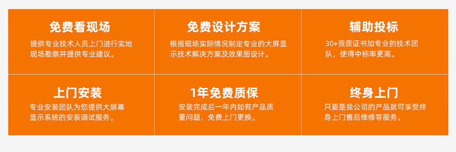 圆弧形LED显示屏的安装特别考验技术人员的实力,我公司针对这一点提供全国上门安装与调试,并且后期有售后问题还提供终身上门更换及检修服务,保证用户长久使用。
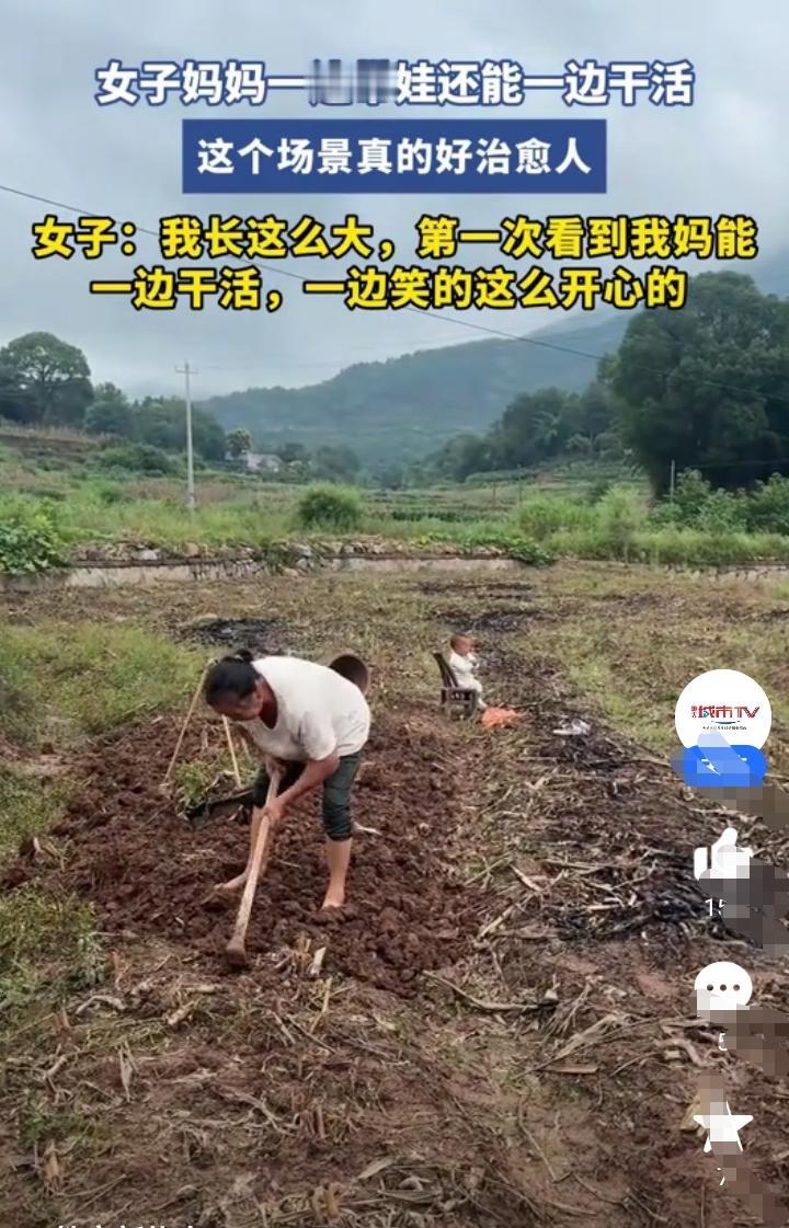 女子母亲一边带娃一边干活!这个场景真的好治愈人!女子称:没有带娃回去看她的时候,
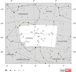 Fornax is a constellation in the southern sky. Its name is Latin for furnace. It was named by French astronomerNicolas Louis de Lacaille in 1756. Fornax is one of the 88 modern constellations.Alpha Fornacis is a binary star that can be resolved by small amateur telescopes. The primary is a yellow-tinged main-sequence star of magnitude 3.9 and the secondary is a yellow star of magnitude 6.5; the secondary may actually be a variable star. It has a period of 300 years and is 46 light-years from Earth. Beta Fornacis is a yellow-hued giant star of magnitude 4.5, 169 light-years from Earth.
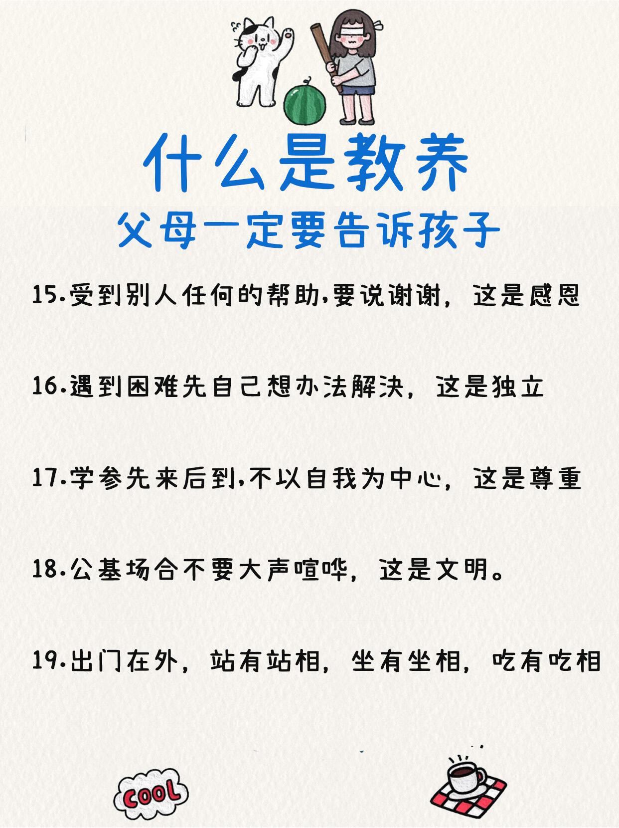 什么是教养?这是我见过一个最完美的答案,解释的非常详细清楚,父母一定要告诉孩子。
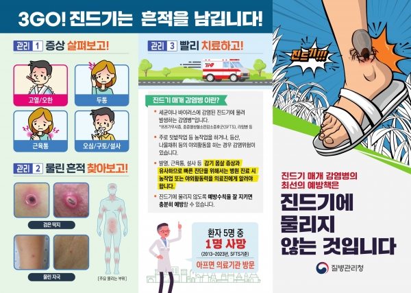 조호경 보건정책과장은 “진드기매개감염병 예방을 위한 최선의 방법은 진드기에 물리지 않는 것으로 예방수칙 준수가 가장 중요하다”며 “제초활동, 농작업 등 야외활동 후 2주 이내 발열·구토·설사 등의 증상이 나타나면 즉시 의료기관을 방문해 진료를 받아야 한다”고 말했다.
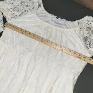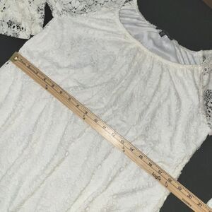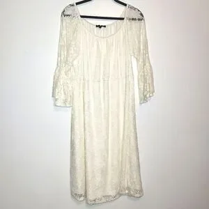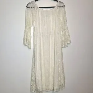 Item: women's all-over lace dress with flared bell sleeves, white in color and would make a beautiful casual wedding dress, hits just below the knee, size XL
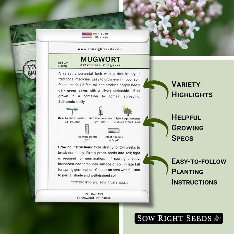 Seed packet contains 300mg (about 2700 seeds). Start Mugwort seeds indoors for early blooms - Large, premium seed packets give instructions on how to grow and when to plant outdoors.
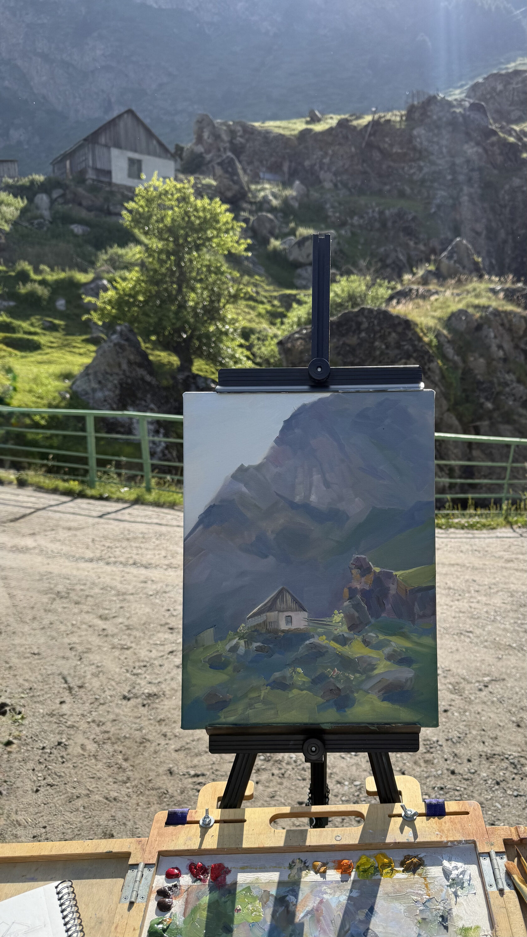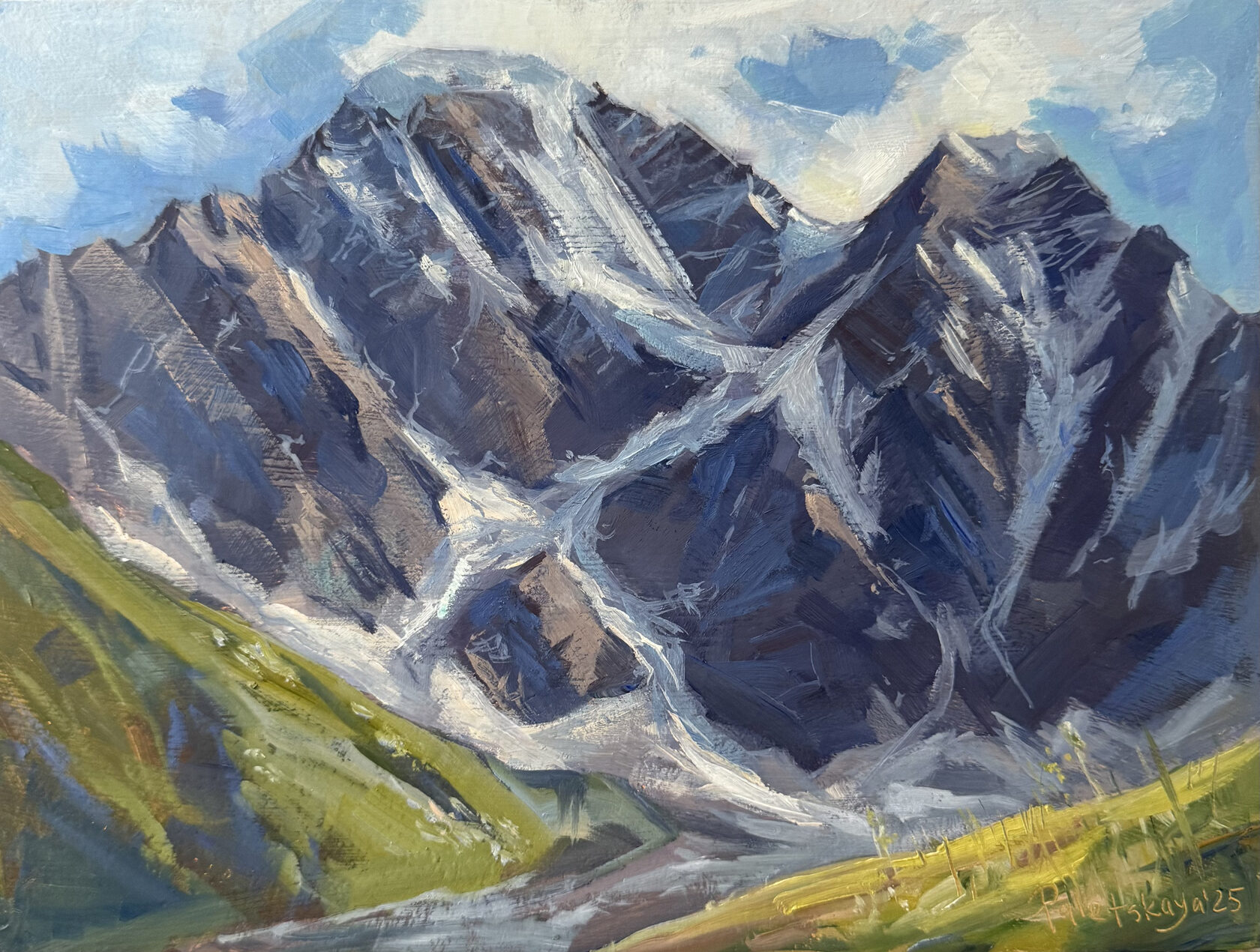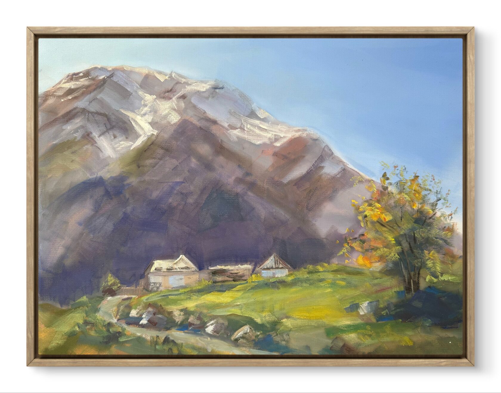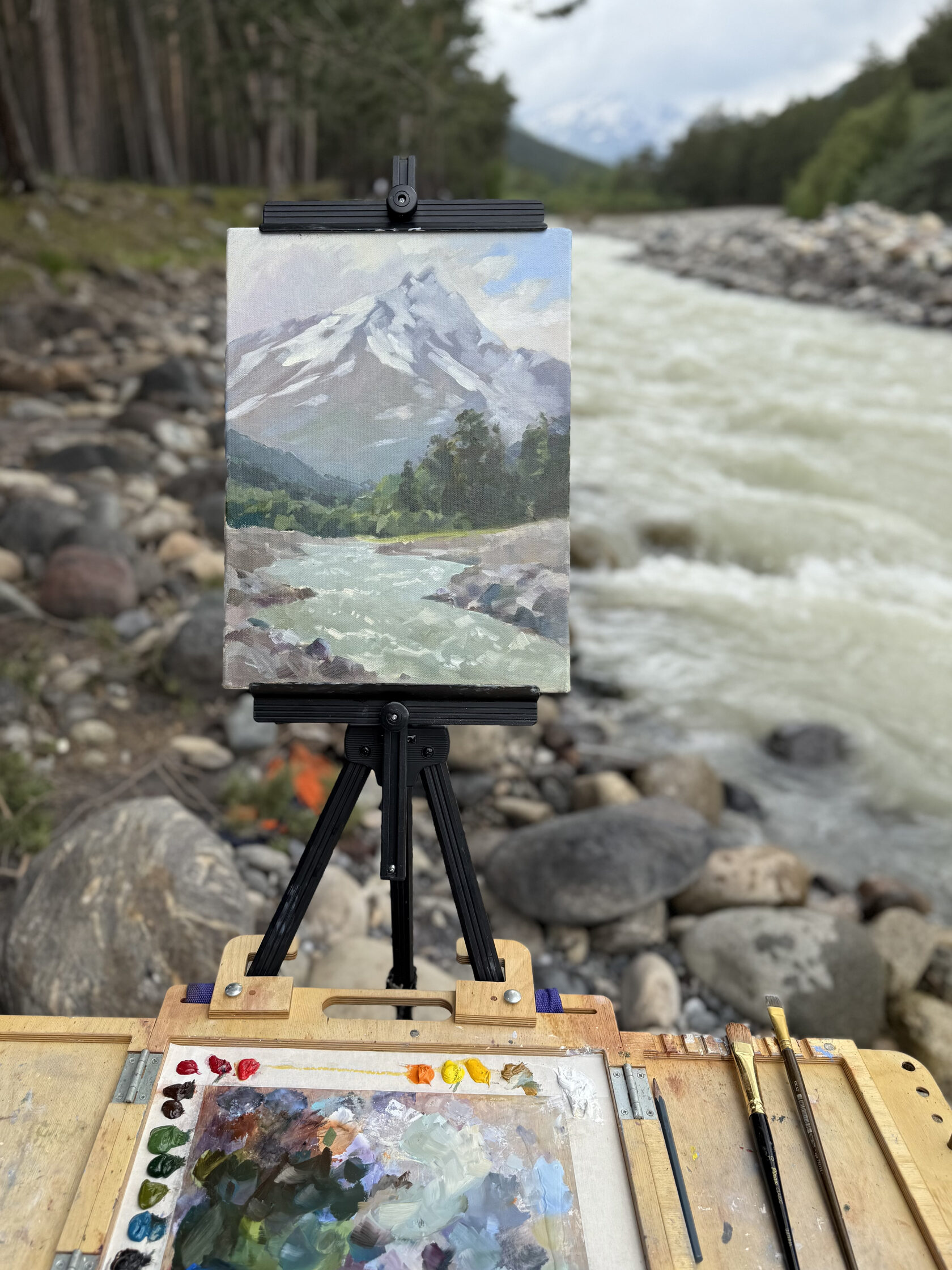 Предзакатное время в Верхнем Баксане, Приэльбрусье. Мягкие, пастельные оттенки. Масляный этюд написанный вживую. Холст на подрамнике, подвесы входят в комплект. Возможно оформление в раму.

# Exercise:
Set down all entries above again, exactly, without images.

# Task result:
 圆弧形LED显示屏的安装特别考验技术人员的实力,我公司针对这一点提供全国上门安装与调试,并且后期有售后问题还提供终身上门更换及检修服务,保证用户长久使用。
 女子母亲一边带娃一边干活!这个场景真的好治愈人!女子称:没有带娃回去看她的时候,
 Fornax is a constellation in the southern sky. Its name is Latin for furnace. It was named by French astronomerNicolas Louis de Lacaille in 1756. Fornax is one of the 88 modern constellations.Alpha Fornacis is a binary star that can be resolved by small amateur telescopes. The primary is a yellow-tinged main-sequence star of magnitude 3.9 and the secondary is a yellow star of magnitude 6.5; the secondary may actually be a variable star. It has a period of 300 years and is 46 light-years from Earth. Beta Fornacis is a yellow-hued giant star of magnitude 4.5, 169 light-years from Earth.
 什么是教养?这是我见过一个最完美的答案,解释的非常详细清楚,父母一定要告诉孩子。
 조호경 보건정책과장은 “진드기매개감염병 예방을 위한 최선의 방법은 진드기에 물리지 않는 것으로 예방수칙 준수가 가장 중요하다”며 “제초활동, 농작업 등 야외활동 후 2주 이내 발열·구토·설사 등의 증상이 나타나면 즉시 의료기관을 방문해 진료를 받아야 한다”고 말했다.
 Item: women's all-over lace dress with flared bell sleeves, white in color and would make a beautiful casual wedding dress, hits just below the knee, size XL
 Seed packet contains 300mg (about 2700 seeds). Start Mugwort seeds indoors for early blooms - Large, premium seed packets give instructions on how to grow and when to plant outdoors.
 Предзакатное время в Верхнем Баксане, Приэльбрусье. Мягкие, пастельные оттенки. Масляный этюд написанный вживую. Холст на подрамнике, подвесы входят в комплект. Возможно оформление в раму.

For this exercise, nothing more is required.